The United States Colored Troops made up over ten percent of the Union or Northern Army even though they were prohibited from joining until July 1862, fifteen months into the war. They comprised twenty-five percent of the Union navy, yet only one percent of the Northern population was African American. Clearly overrepresented in the military, African Americans played a decisive role in the Civil War.

In July of 1862, Congress passed the Militia Act of 1862. It had become an “indispensable military necessity” to call on America’s African descent population to help save the Union. A few weeks after President Lincoln signed the legislation on July 17, 1862, free men of color joined volunteer regiments in Illinois and New York. Such men would go on to fight in some of the most noted campaigns and battles of the war to include, Antietam, Vicksburg, Gettysburg, and Sherman’s Atlanta Campaign.

On September 27, 1862, the first regiment to become a United States Colored Troops (USCT) regiment was officially brought into the Union army. All the captains and lieutenants in this Louisiana regiment were men of African descent. The regiment was immediately assigned combat duties, and it captured Donaldsonville, Louisiana on October 27, 1862. Before the Emancipation Proclamation was issued, two more African descent regiments from Kansas and South Carolina would demonstrate their prowess in combat.

After the Emancipation Proclamation was issued on January 1, 1863, the War Department publicly authorized the recruiting of African Americans.
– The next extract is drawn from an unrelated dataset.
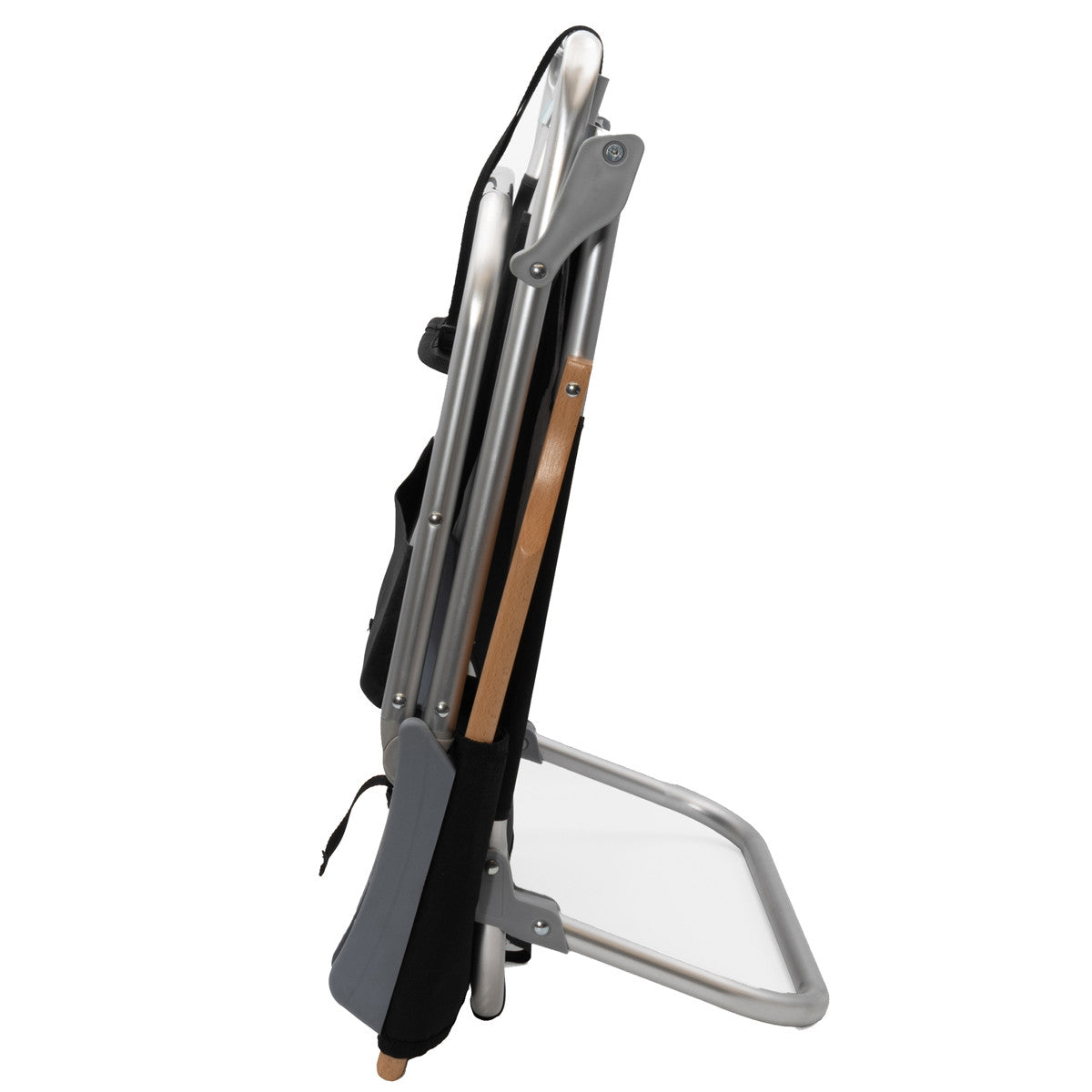 - Adjustable powder-coated steel tube frame with wooden handles and cup holders

The first regiment raised with such authority was the 54th Massachusetts Infantry. (Leading many to report that it was the first African descent regiment.) By the end of 1863, General Ulysses S. Grant viewed the African descent population armed with the Proclamation as a “powerful ally.”

African Americans fought in every major campaign and battle during the last two years of the war earning twenty-five Medals of Honor. USCT regiments captured Charleston, the Cradle of Secession, and Richmond, the capital of the Confederacy. Lincoln recognized their contributions. He declared, “Without the military help of the black freedmen, the war against the South could not have been won.” And without the Emancipation Proclamation, these soldiers and sailors would have had little reason to fight for the Union.
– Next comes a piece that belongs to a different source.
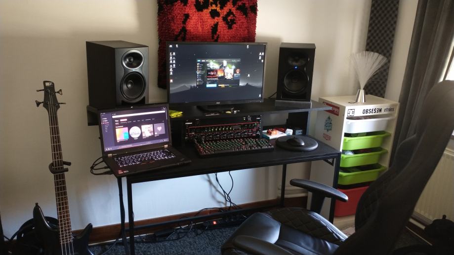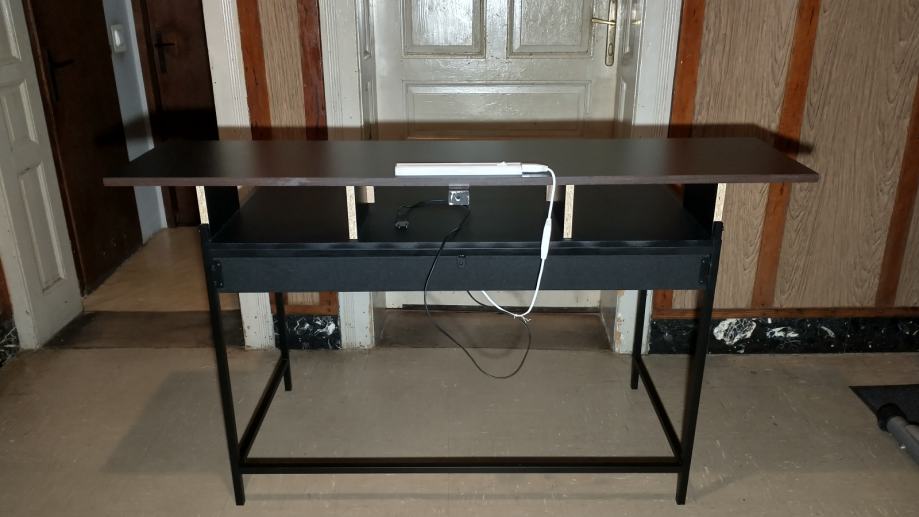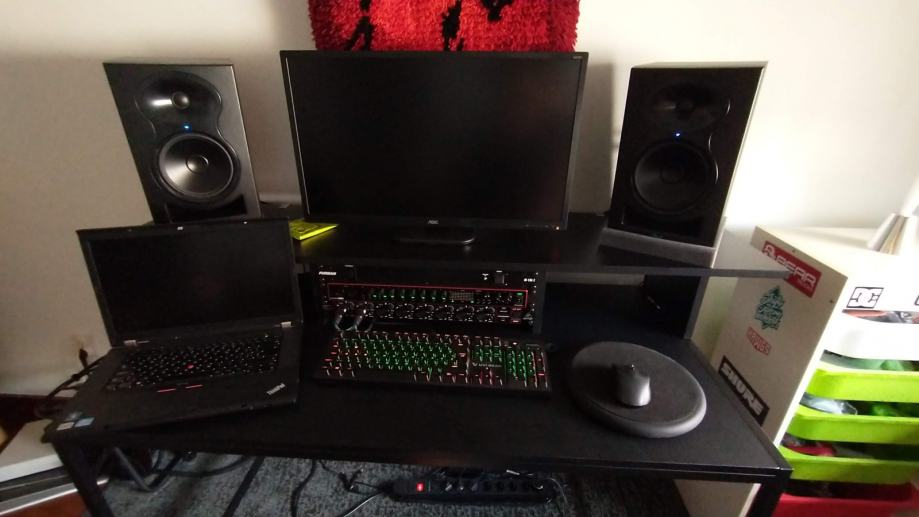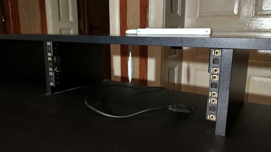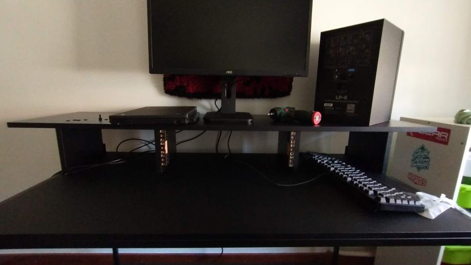 Miza iz Jyska, nadgrajena, na sredini ima prostor za 3U rack. Na zadnji strani je backlight za monitor s stikalom na sprednji spodnji strani mize. Ima na zadnji strani tudi nosilec, tako da jo je mogoče privijačiti v steno in tako preprečiti da se ziba. Dimenzije osnovne mize (DxŠxV) 120x60x75. Dimenzije poviška (DxŠxV) 150x36x18

Source: https://www.afroamcivilwar.org/usct#:~:text=On%20September%2027%2C%201862%2C%20the,were%20men%20of%20African%20descent.
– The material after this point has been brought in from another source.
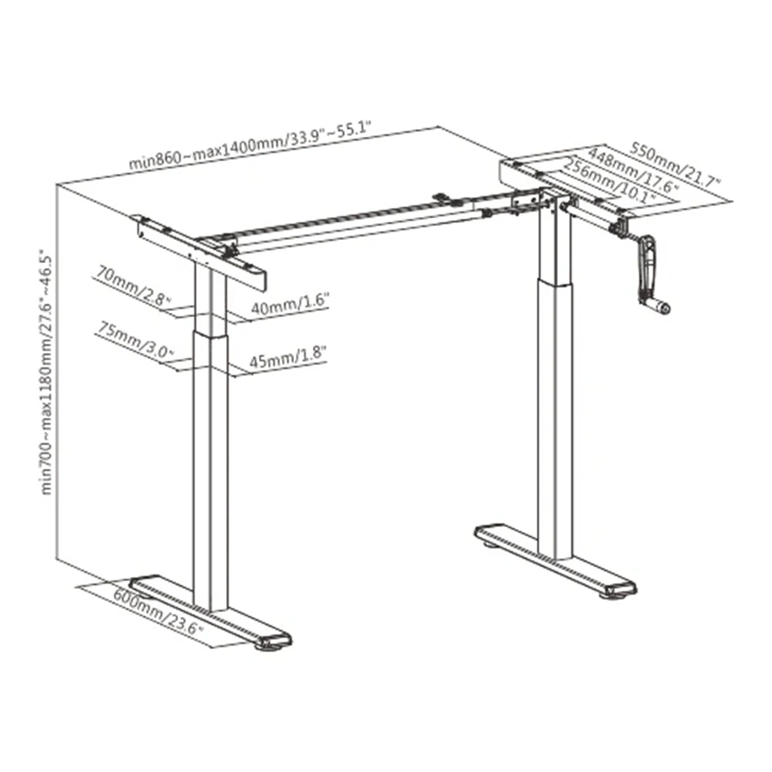 Manualna regulacja wysokości – wygodna korbka umożliwia płynną zmianę wysokości biurka bez użycia prądu

Washington DC BLACK RESIDENCES in 1862

Some facts about Washington in 1860. The city’s population in that year was 61,122. There were 1,774 slaves, 9,209 free blacks, and 50,139 whites. The city had seven wards.

In 1862, in the District of Columbia – 3,269 free African Americans joined the USCT (more than 33% of all the free African Americans living in the city).

Source:

A Blueprint for Change: The Black Community in Washington, D. C., 1860-1870, Melvin R. Williams

95 years later, WASHINGTON DC became CHOCOLATE CITY.

The District of Columbia became the first majority Black major city in the United States in 1957. Black Americans have officially been the District’s largest racial group since the 1960 Census. In 1970, 71.1% of the population identified as Black.  As the Black population grew, it subsequently became known as the nation’s “Chocolate City,” a name conferred by a popular funk song (Chocolate City- Parliament-Funkadelic) shortly after the passage of the District of Columbia’s Home Rule Act in 1973. The Chocolate City title was proudly embraced by Washingtonians, but in recent years the number of European Americans in the District has increased (38% as of 2020, compared to less than 42% Black DC population). DC is more of mocha city, than chocolate these days.